James Marshall Hendrix was born in Seattle on November 27th, 1942; his mother, Lucille, originally named him Johnny Allen Hendrix, but his father, Al, who was serving in the army at the time of his birth, changed it four years later. Hendrix didn’t get his first guitar, a secondhand acoustic model that cost five dollars, until he was nearly 16. But it proved to be a crucial, stabilizing element in a childhood scarred by his parents’ rocky marriage and subsequent divorce, his erratic schooling and his mother’s death in 1958.

In 1959, Hendrix graduated to the electric guitar and joined his first group, the Rocking Kings. Except for an aborted career as an army parachutist (he was discharged in 1962, after only a year, for “medical unsuitability” — he broke his ankle during a parachute jump), Hendrix spent the next seven years on the road. He gigged with a motley succession of club bands, including the King Kasuals, which featured army buddy and future post-Experience bassist Billy Cox, and worked as an itinerant backup musician for, among others, Sam Cooke, Jackie Wilson, the Impressions, Little Richard and the Isleys.

Hendrix eventually made his vinyl debut on a pair of singles released in late 1963 and 1964 by a minor sax player, Lonnie Youngblood. But his first significant studio date as a sideman was with the Isley Brothers on their storming 1964 single “Testify”; his emphatic rhythm-guitar work and piercing lead flourishes show evidence of an already unique style. Hendrix actually lived with the Isleys for a couple of months in 1964 (the Isleys also bought him his first Fender guitar), and guitarist Ernie Isley, just a youngster at the time, remembers hearing that style evolve as Hendrix practiced in the house.

“He could play wonderfully without an amp,” Isley told writer Harry Weinger. “He would play in the hallway of our house while we were in the dining room. With his back to us, no amplifier, the sound and the feeling emanating from him was quite something. Seeing him that way, through the eyes of a child, [what he was all about] came through clean and clear and pristine.”
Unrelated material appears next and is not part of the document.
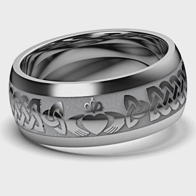 Celebrate your love with the timeless beauty of the Tungsten Claddagh Wedding Ring. Designed with intricate Celtic details, this 10 mm band is both elegant and meaningful. Each ring showcases two Claddagh symbols representing love, loyalty, and friendship, as well as trinity and Celtic knot designs that flow seamlessly around the band.

Up through the first half of 1966, Hendrix continued his sideman odyssey, working with Little Richard, King Curtis and Curtis Knight. A live recording made with Knight in late December 1965 at a club in Hackensack, New Jersey, shows just how far Hendrix’s sound and stage act had evolved. Given room to roam in “Drivin’ South,” Hendrix coaxes serrated sustain from his instrument, twists his meaty riffing into bluesy pretzel logic and fires off spiky high notes shivering with vibrato. At one point, you can also hear Knight yell, “Eat that guitar! Eat it! Eat it!” It’s only a one-chord jam, and the recording is of the two-Dixie-cups-and-a-thread variety, with clumsy overdubs added later when it was issued in the early Seventies as Early Jimi Hendrix. Nevertheless, “Drivin’ South” is a rough but revealing glimpse of what Hendrix would later do with the blues.

In the fall of 1965, Hendrix signed a three-year recording contract with Knight’s manager and producer, Ed Chalpin, for a one-dollar advance, a deal that would come back to haunt him later. But the deal that really mattered came in the summer of 1966, when bassist Chas Chandler of the Animals caught Hendrix playing with his own group Jimmy James and the Blue Flames at the Cafe Wha?, in New York’s Greenwich Village. Chandler, on the lookout for management and production opportunities, was knocked out by Hendrix’s fierce sound, outrageous look and gymnastic stage presence.

On September 23rd, 1966, under Chandler’s aegis, Hendrix flew to England to pursue stardom in earnest. A flurry of auditions in London yielded bassist Noel Redding — who had actually turned up to try out for a guitar seat in the Animals — and drummer John “Mitch” Mitchell, a former child actor who had played with Screaming Lord Sutch, the Riot Squad and Georgie Fame. The Jimi Hendrix Experience (the exotic spelling was Chandler’s idea) was born.